Uonyx reviews and updates this Security and Data Protection Policy on a periodic basis to reflect changes to the Services, the threat landscape, security best practices, applicable legal and regulatory requirements, and organisational security improvements.

12.1 How Updates Are Communicated

When Uonyx makes material changes to this Policy, we will:

• Publish the updated Policy at https://uonyx.com/legal/security with a revised 'Last Updated' date;
• Post a notice on the Uonyx website or platform; and
• Where a change materially affects customer data protection commitments, provide notice to customers as required by applicable law or the Agreement.

We encourage customers, enterprise procurement teams, and security reviewers to periodically review this Policy to stay informed of Uonyx's security practices and commitments.

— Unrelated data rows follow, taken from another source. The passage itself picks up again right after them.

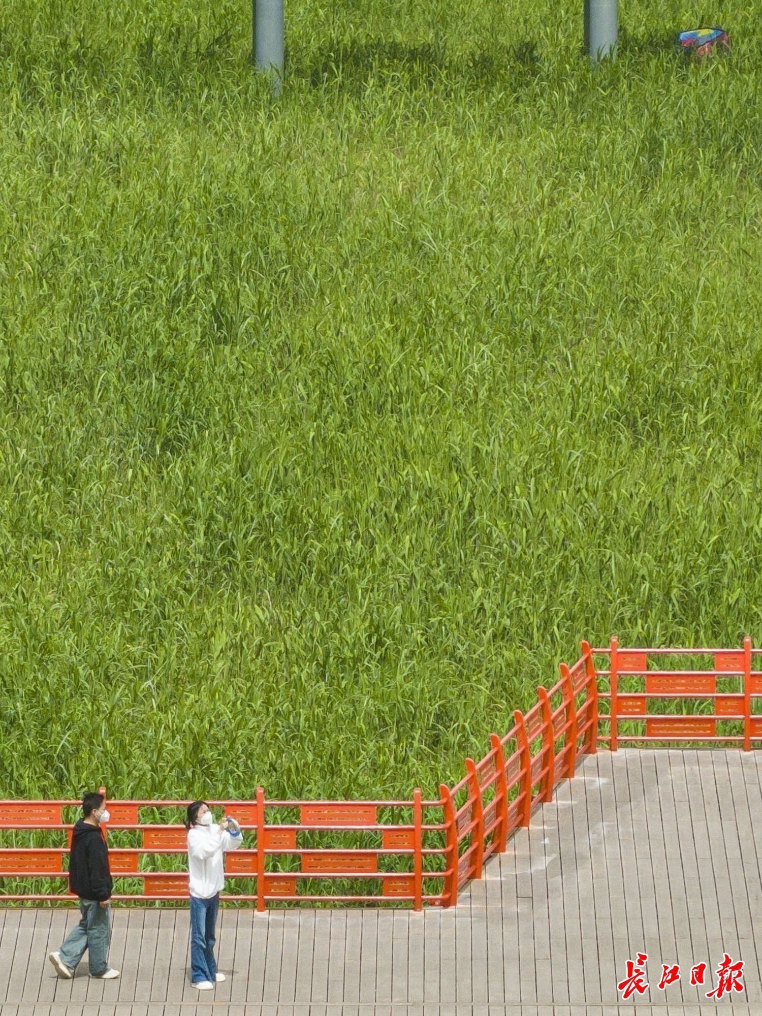 洪山江滩的白沙洲右汊,曾是砂石堆积的“灰色地带”。如今,设计者重塑野趣,一片生机盎然。市民王女士带着女儿辨认植物:“这是益母草,那是接骨木。”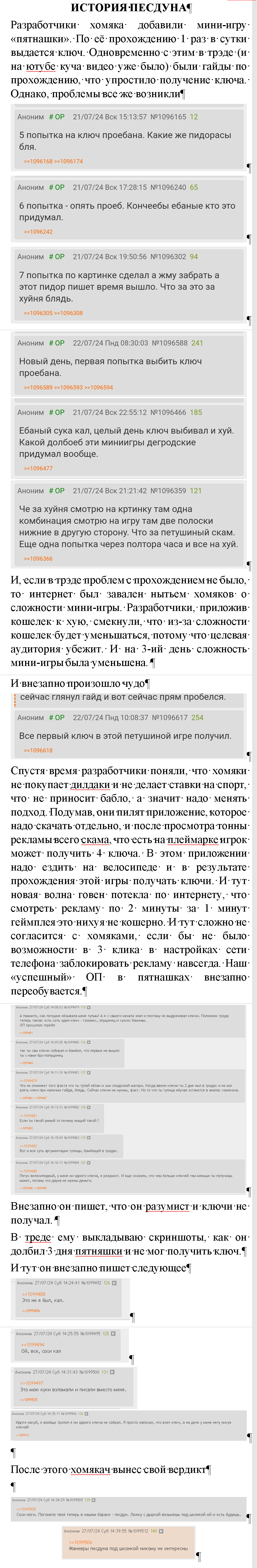 >>1103745 > Педали не крутишь - хорошо Кал для дебилов > Не смог пройти миниигры - плохо Не захожу в эту ебань дольше чем на 20 секунд, поэтому даже не пробовал > За 30 дней получить только легенду и 2,7 млн дохода - пиздец. Типа этого мало, или что? Я суммарно в день на хомяка трачу около 1 минуты, я же не долбоеб вообще. > Не смотрел видео на ютубе - хорошо. Ну это я вообще хуй знает для кого сделано. Ну хотя знаю. Для хомячья ебаного. >>1103746 Ну а ты думаешь, кто-то вообще что-то получит? Нихуя, лол. Так что да, действительно скаманет всех. Вот тогда и посмеёмся все вместе. Но больше всех смеяться буду я. >>1103755 Аргументы будут, нищий безработный лох-чмошник?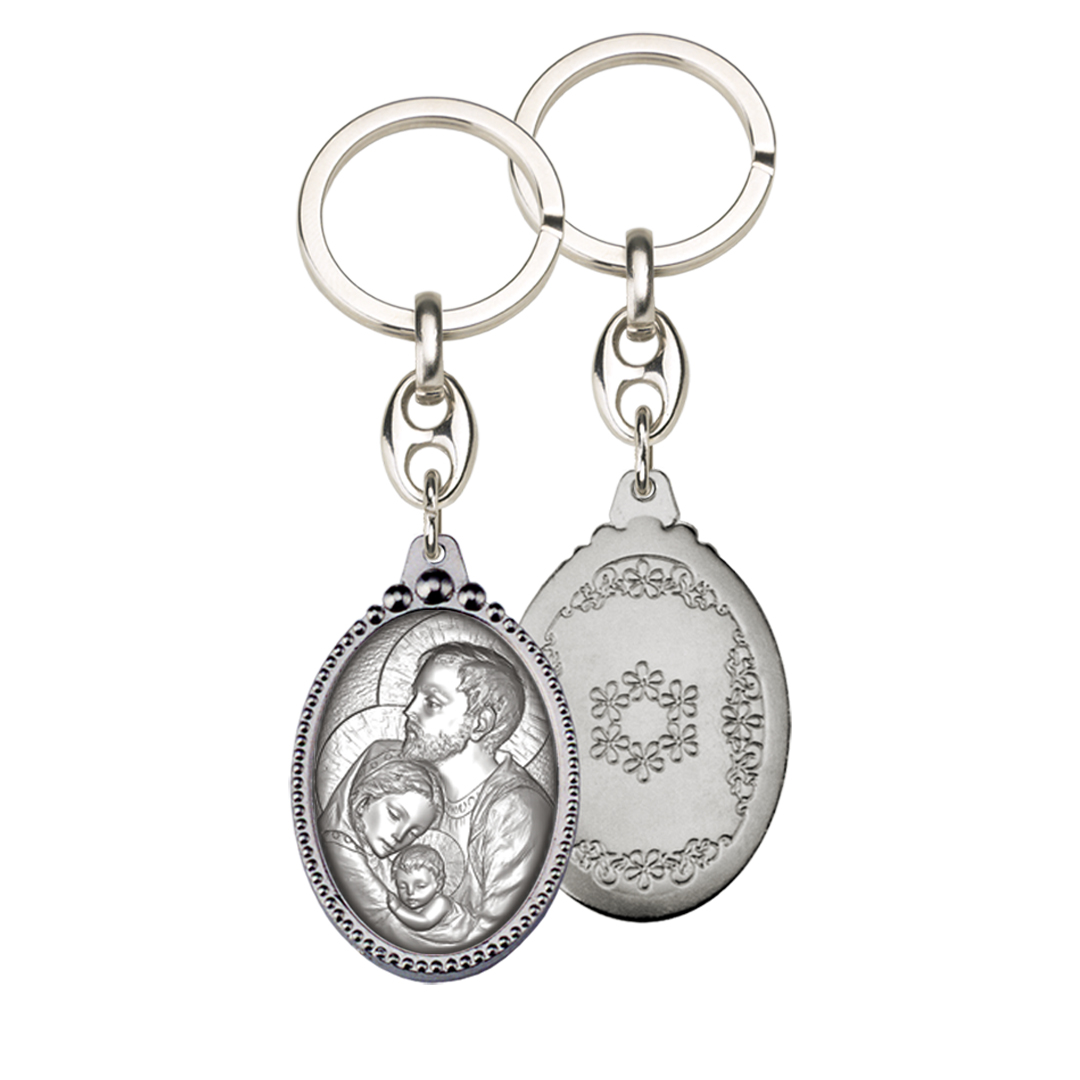 Portachiavi San Cristoforo e Madonna di Fatima in metallo argentato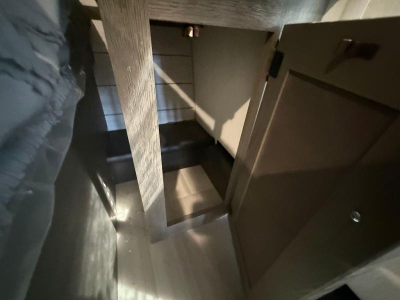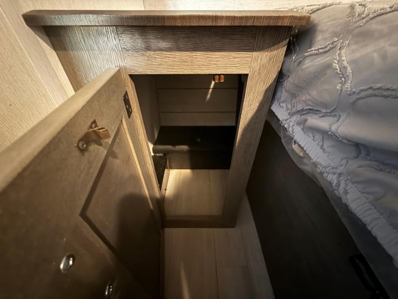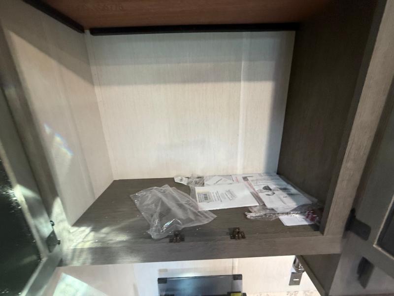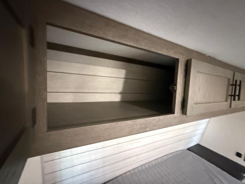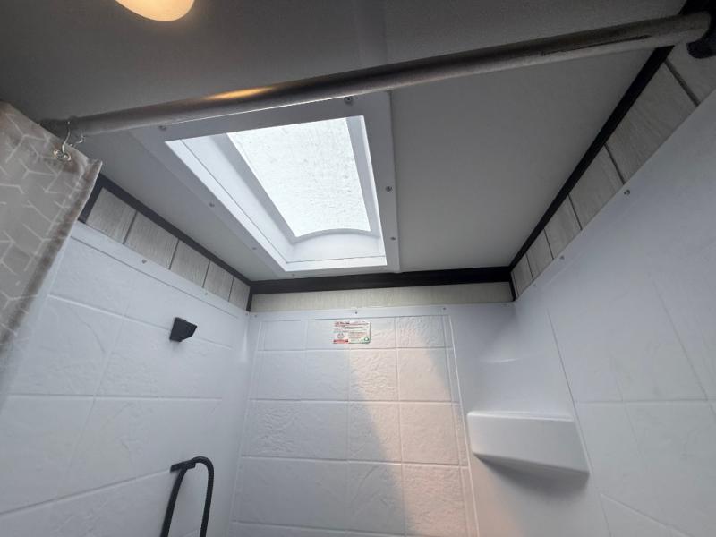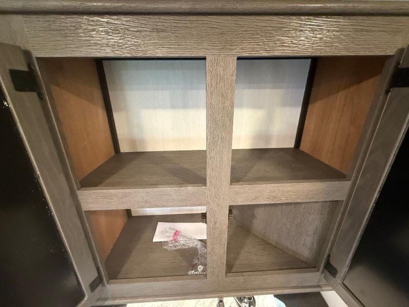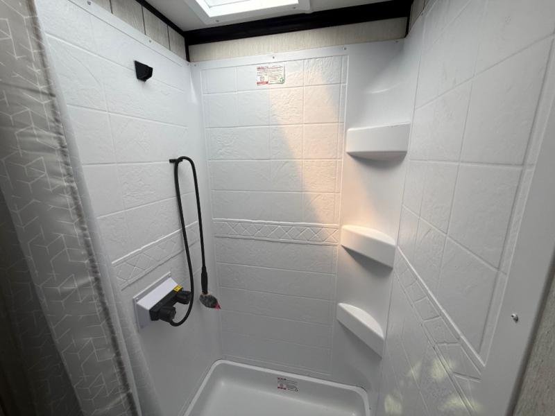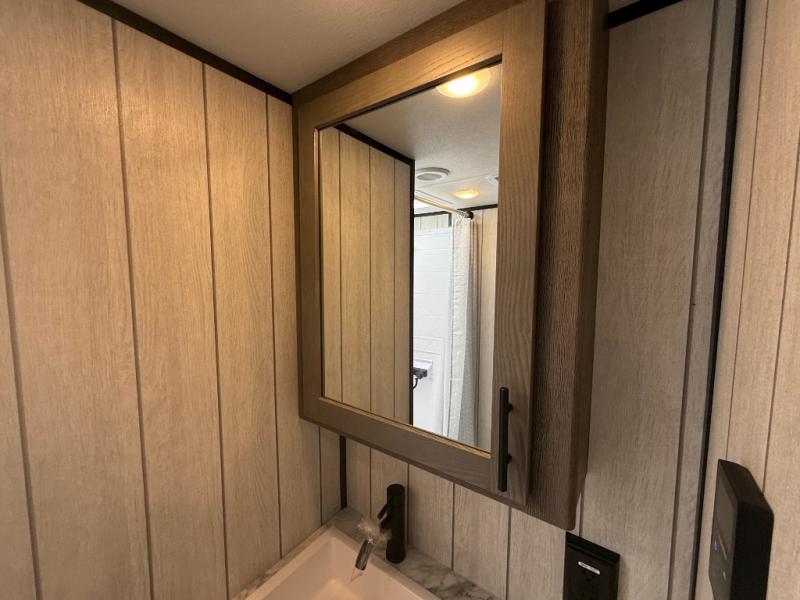 Fun at the campground begins with this toy hauler in tow! There is a 13' separate garage with a loft above for guests plus a patio deck to entertain guests. Your crew can get comfy on the theater seating across from the fireplace, and there is a hidden pantry behind to keep food stocked. The two flip-up countertops with stools provides a fun place to dine since there is a window between, or you can head outdoors to enjoy some fresh air under the two power awnings. A full bath lets you freshen up after a trail ride, and the front private bedroom gives you your own space at night. This unit also features washer and dryer prep in the bedroom so you can add those appliances if you wish!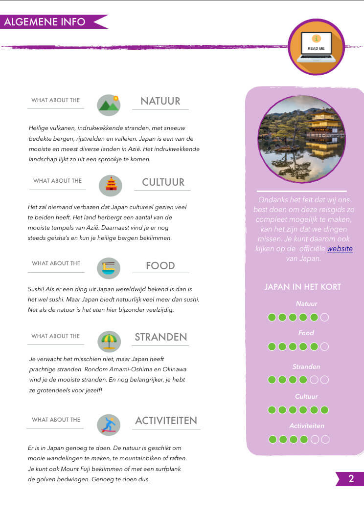 Ook alle kennis van onze website, ruim 100 pagina’s aan informatie over Japan hebben we verwerkt in onze reisgids. Daarnaast is de reisgids digitaal verkrijgbaar. Met de digitale versie kan je hem makkelijk onderweg lezen op je telefoon, iPad of laptop.
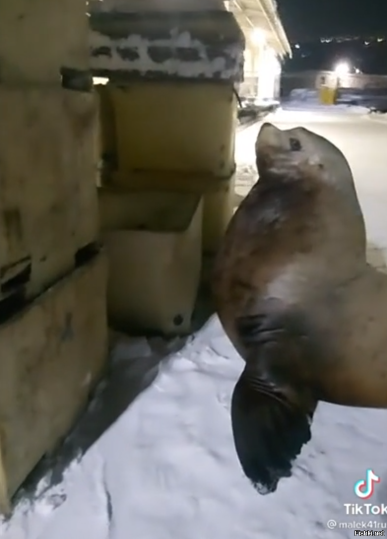 На Камчатке в гости к рабочим пришли сразу два любопытных сивуча. Голодные "Барсики" не спешили уходить и решили обследовать территорию.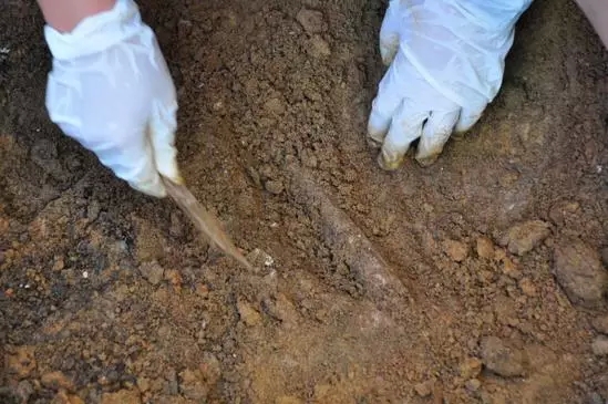 我一点点将遗骸上方的泥土清理开,将夹杂在泥土里的塑料袋和垃圾愤怒的扔到一边,因为环境潮湿,遗骸保存很差,几乎和泥土融为一体,虽然骨头能看出形状,但非常软,一碰就塌。空气中弥漫着小便间散发的异味、额头上的汗珠成排的滚落、顾不上擦,有的滑入眼睛,不疼,但夹着眼泪继续滚落下去,滴到坑里。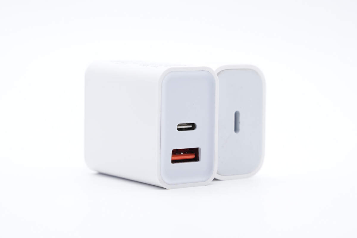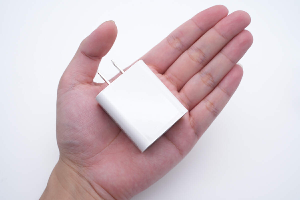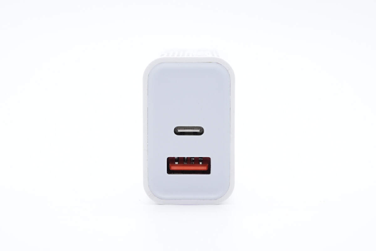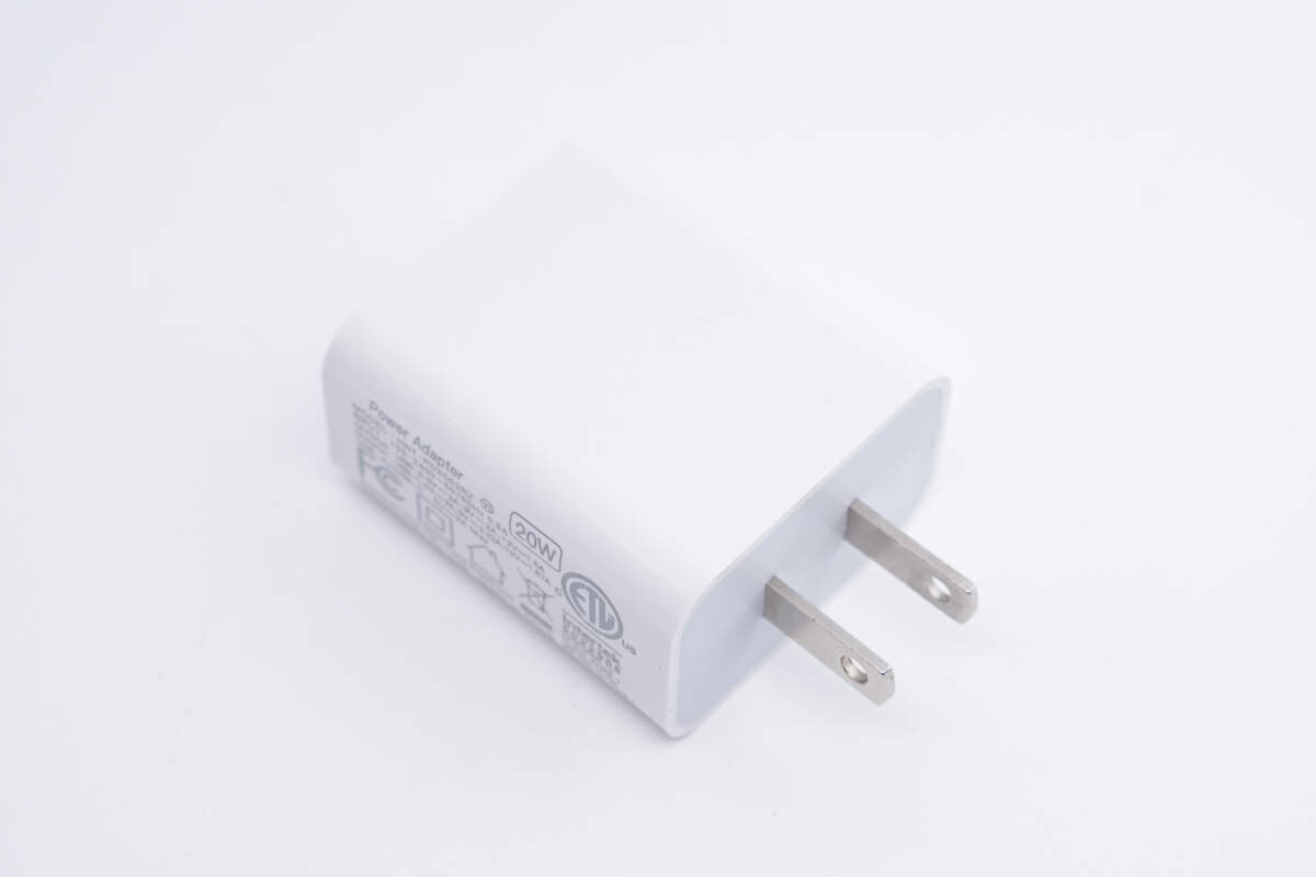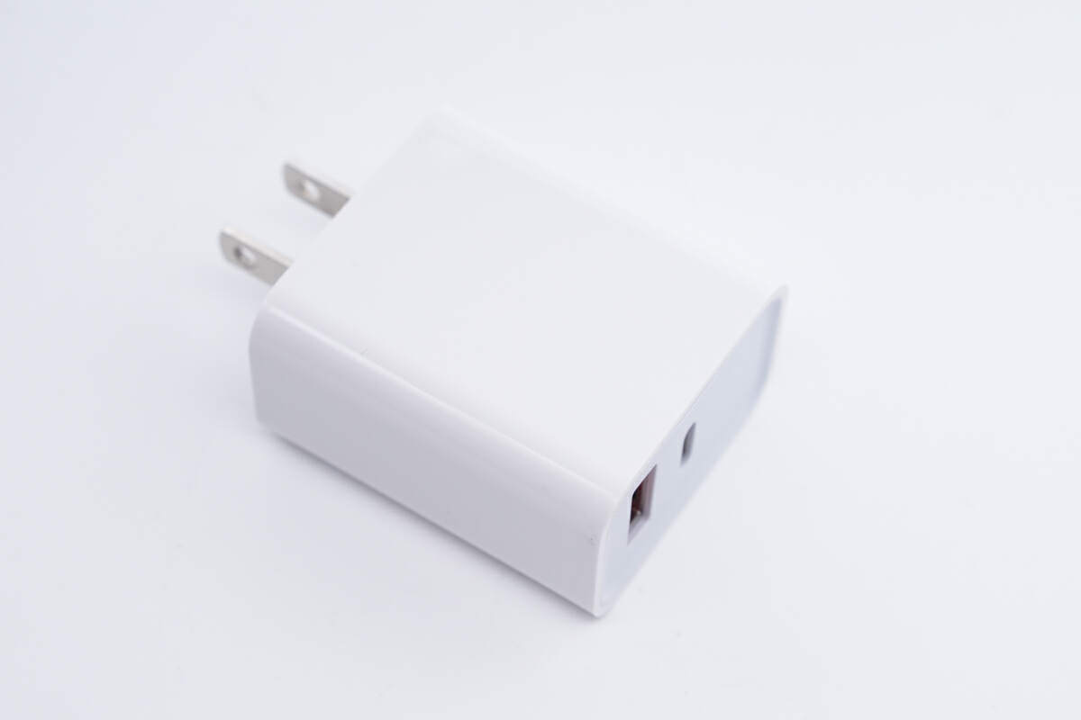 华湳通20W充电器采用经典直板造型,腰身白色外壳高光亮面处理,输入输出端外壳灰色磨砂,配色方面和苹果原装20W充电器的一样。

12.2 Relationship to Other Policies

This Policy should be read in conjunction with the following Uonyx legal and compliance documents, all of which are available at https://uonyx.com/legal:

• Data Processing Agreement (DPA): The legal agreement governing Uonyx's obligations as a data processor, including GDPR Article 28 compliance.
• Privacy Policy: Describes how Uonyx collects and uses personal data in its capacity as a data controller.
• Acceptable Use Policy: Defines the permitted and prohibited uses of the Uonyx Services.
• Sub-Processor List: Current list of sub-processors engaged by Uonyx (https://uonyx.com/legal/subprocessors).
• Service Level Agreement: Defines Uonyx's uptime commitments and support response standards.